Let $E\rightarrow M$ be a Hermitian holomorphic bundle, $S\subset E$ be a holomorphic subbundle and $Q=E/S$ be the quotient bundle. Q can be seen in unitary frames to be diffeomorphic to $S^{\perp}$. Hence $S$ and $Q$ are both Hermitian.

Let $D_E$, $D_S$ and $D_Q$ be the connections compatible with the complex structures (Compatibility with the metric and vanishing on holomorphic sections). By uniqueness of such connections, $D_S=\pi_S\circ (D_E|_{A^0(S)})$ where $A^0(S)$ are sections of $S$.

Now $A:=D_E|_{A^0(S)} -D_S$ is $C^\infty (M)$ linear and maps to sections in $S^{\perp}=Q$ with coefficients in $A^{(1,0)}(M)$ (Because of the definition of a connection and the compatibility conditions on $D_E$ and $D_S$). In short, $A\in A^{(1,0)}(Hom(S,Q))$.

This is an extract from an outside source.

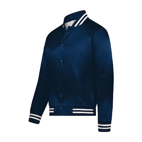 Augusta Sportswear Augusta Satin Baseball Jacka/Randig Trim, Marinblå/vit, 3XL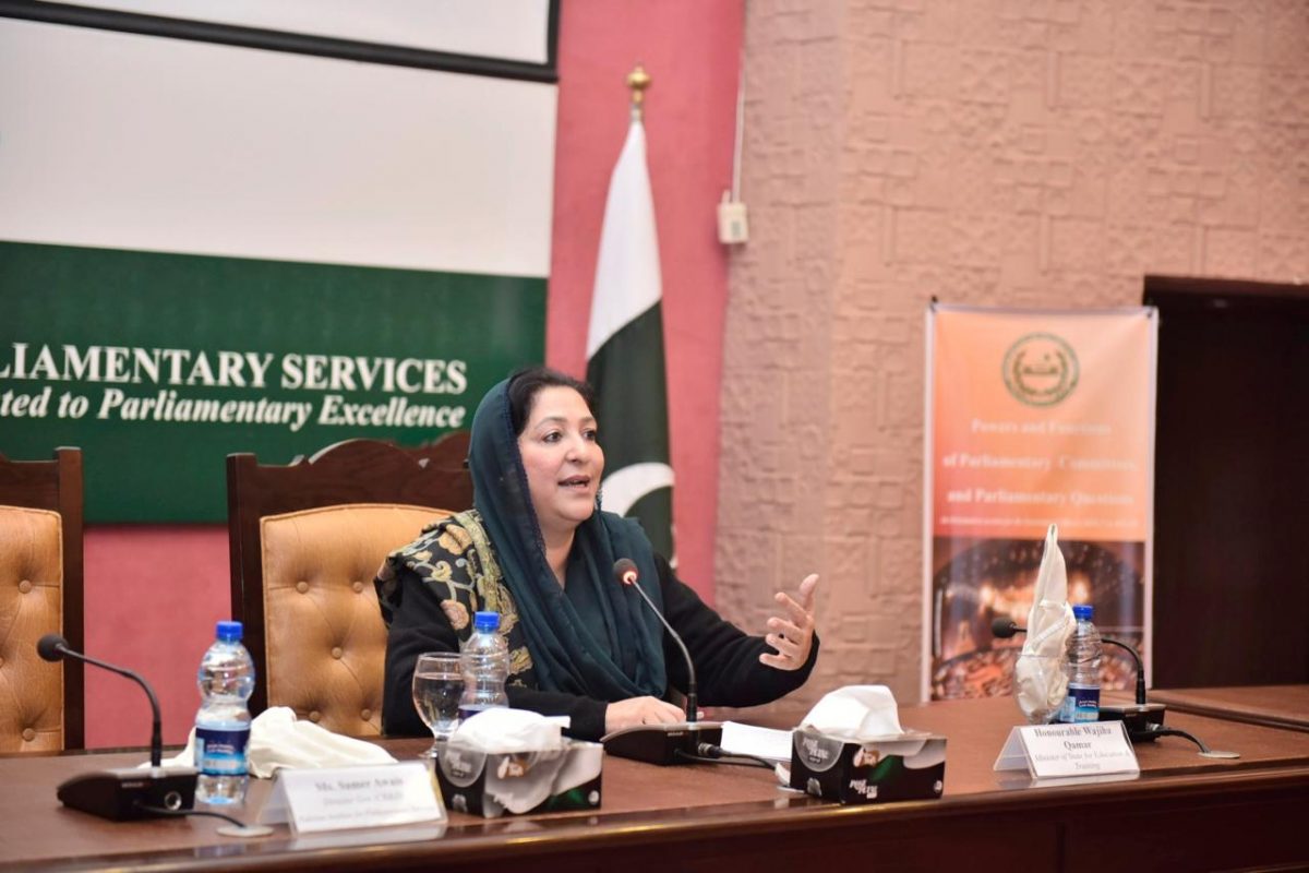 A major highlight of the workshop was the session on the Powers and Functions of Parliamentary Committees and the expectations of Members of Parliament from government officers appearing before committees. Honourable Wajeeha Qamar (MNA), Minister of State for Federal Education and Professional Training, described parliamentary committees as the heart of parliamentary oversight and stressed on the importance of thorough preparation, respectful engagement, and timely submission of information, noting that effective interaction with committees helps strengthen both policy outcomes and public trust.

Now, as in G-H, choosing a unitary frame ${e_i}$ for E (the first few vectors of which form a frame for $S$) we see that the matrix of forms for $D_E$ is $\theta_E = \begin{bmatrix} \theta_S & A^* \\ A & \theta_Q \end{bmatrix}$.

Remark 1: The above formula is incorrect since in a unitary frame $\theta_E = -\theta_E^*$. So we should have a $-$ sign along with the $A^*$.

Question 1: Is this correct?

Assuming this, the correct formulas are:

$\theta_E = \begin{bmatrix} \theta_S & -A^* \\ A & \theta_Q \end{bmatrix}$,

$\Theta_S=\Theta_E|_{S}-A^*\wedge A$,

$\Theta_Q=\Theta_E|_Q-A\wedge A^*$. These are derived from $\Theta = d\theta-\theta\wedge\theta$.

Definition: G-H defines $\Theta$ to be positive if for all $v$ - holomorphic tangent vectors, the matrix $-i(\Theta(x);v,\bar v)$ is positive definite, in particular hermitian. Here, I assume we are fixing a local unitary frame, evaluating the coefficients of (1,1)-forms of $\Theta(x)$ on $(v,\bar v)$ and then looking at the resulting matrix in $Hom(E_x,E_x)$.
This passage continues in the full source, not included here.